Adam Amara, a co-founder at Turing Biosystems, took the stage to detail the work his company is doing to catalyse the convergence between biology and computation to engineer human biology. As an example, he described how clinicians will often fail to understand why a given therapy has failed, and yet for some melanoma treatments the response rate can be 25% with toxicity rates of 75% and above. The company is building an interpretable reasoning AI scientist on specialised chips which, based on prior knowledge of biology and clinical outcomes, can uncover causal relationships and biological mechanisms underlying the success or failure of certain treatments. 

Further light was shed on the company’s two-pronged approach, with Turing BioResponse developed for clinical teams and Turing BioDiscovery for biopharma research and development. The company, which has teams in Newcastle and Lyon, recently closed a pre-seed round of £889,000 and is working to expand its clinician network and further validate the model through biopharma collaborations. 

Senior lecturer at King’s College London and expert in cell phenotyping, Davide Danovi shared details of the work his company Migration Biotherapeutics is doing to improve treatment options for glioblastoma, among the most common and deadliest types of brain cancer.

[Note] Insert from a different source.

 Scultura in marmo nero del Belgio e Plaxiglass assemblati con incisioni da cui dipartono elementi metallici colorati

With plans for a medical device that would fill surgical space in the brain and attract residual cancer cells onto a catheter where they can be treated more effectively, he shared the company is seeking up to £1 million in seed funding. 

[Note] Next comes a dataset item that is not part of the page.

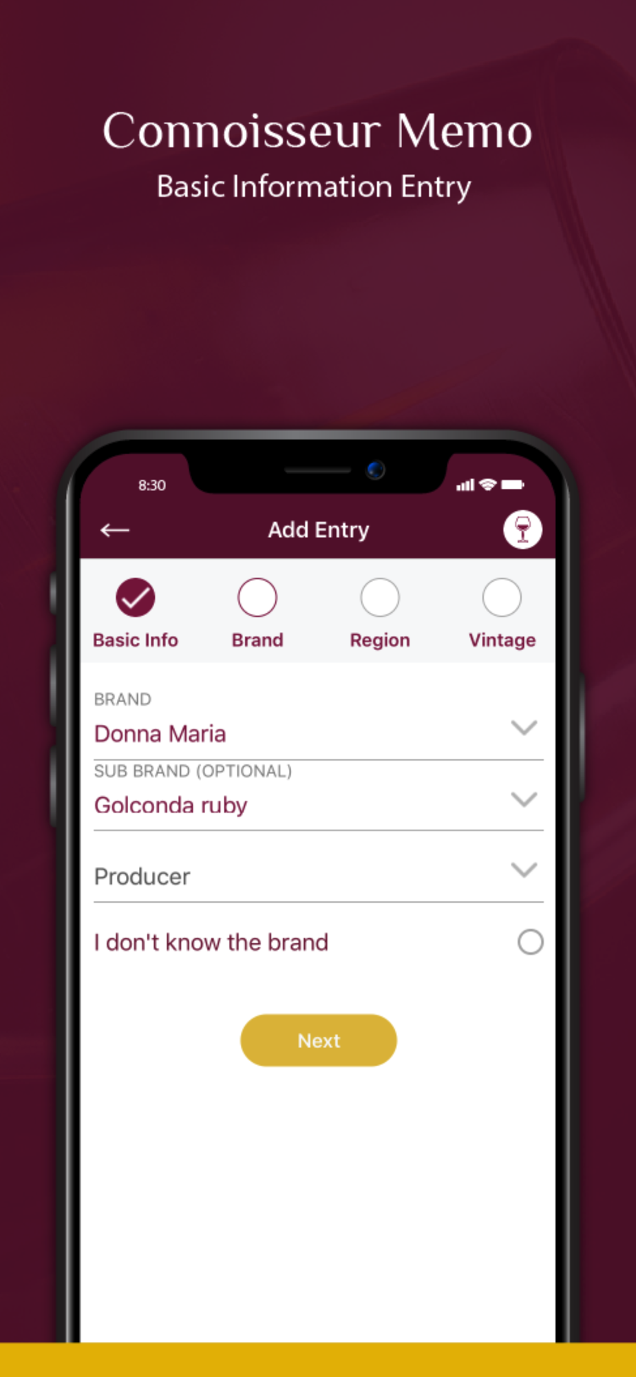 Connoisseur Memo is a tasting & logging app designed for Wine/Whiskey/Beer lovers. The app walks users through the intricate processes of various phases of wine tasting and guides them to pin down the distinct traits and separate the stratum of the innate flavours of these beverages. It enables the connoisseurs to keep a record of their observations, experiences and preferences for future reference.

Holly Health CEO Grace Gimson walked the audience through some impressive figures from the company’s work addressing population-level health challenges with NHS trusts and large employers. A digital health and well-being coach, the Holly Health app helps users make positive lifestyle changes, for example by improving sleep, smoking cessation, and reducing their alcohol consumption. Earlier this year, the value of the company’s work was underlined with a £545,000 UKRI grant.

Holly Health has already supported 20,000 people and is currently in late-stage partnership negotiations with a number of large employer well-being providers, in addition to receiving interest from big-name insurance companies with a cumulative 120 million clients. Although Holly Health recently closed a round, they are open to further conversations with investors and aim to be cash-flow positive from next year.

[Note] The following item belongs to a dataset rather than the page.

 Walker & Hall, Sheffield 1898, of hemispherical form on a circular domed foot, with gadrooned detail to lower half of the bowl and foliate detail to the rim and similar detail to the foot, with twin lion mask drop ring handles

Anjui Wu, co-founder and CEO of Cansor, explained the company’s novel approach to screening for prostate cancer in men which relies on ctDNA (circulating tumour DNA) instead of, or in addition to the current standard prostate-specific antigen (PSA) test. One approach would see the company’s prostate cancer methylation test replace the now-standard PSA as a frontline screening tool, reducing the burden on physicians from providing counselling to large numbers of patients with uncertain PSA results. The other approach would see only patients with a PSA above a set threshold referred for a ctDNA test, which then determines whether they are referred for treatment. 

Neuroute founder and CEO Livia Ng wrapped up the pitching session with a high-energy appeal to speed up slow-moving clinical trials. Over the past two decades, the number of clinical trials has tripled but the length of time it takes to design and execute a trial has not improved. Over 86% of clinical trials are delayed by six months or more, and recruitment problems mean it takes 12 years on average to deliver a new treatment to patients. Positioning the company as an AI SaaS platform for clinical trial planning and enrollment, Livia shared how her company’s tools facilitate data-driven trial planning tailored to specific customers, streamlining a convoluted workflow and putting clinical information in the right place. Livia left the audience with a question: what would it mean for patients and their families if we could solve incurable disease sooner?

The audience also heard from Julie Devonshire OBE, Director of the Entrepreneurship Institute at King’s College London, Anna King of the South London Health Innovation Network, and Georgina Rizik, Chief Executive at SC1, London’s life sciences innovation district.

Thanks to everyone who attended and to our founders for their time!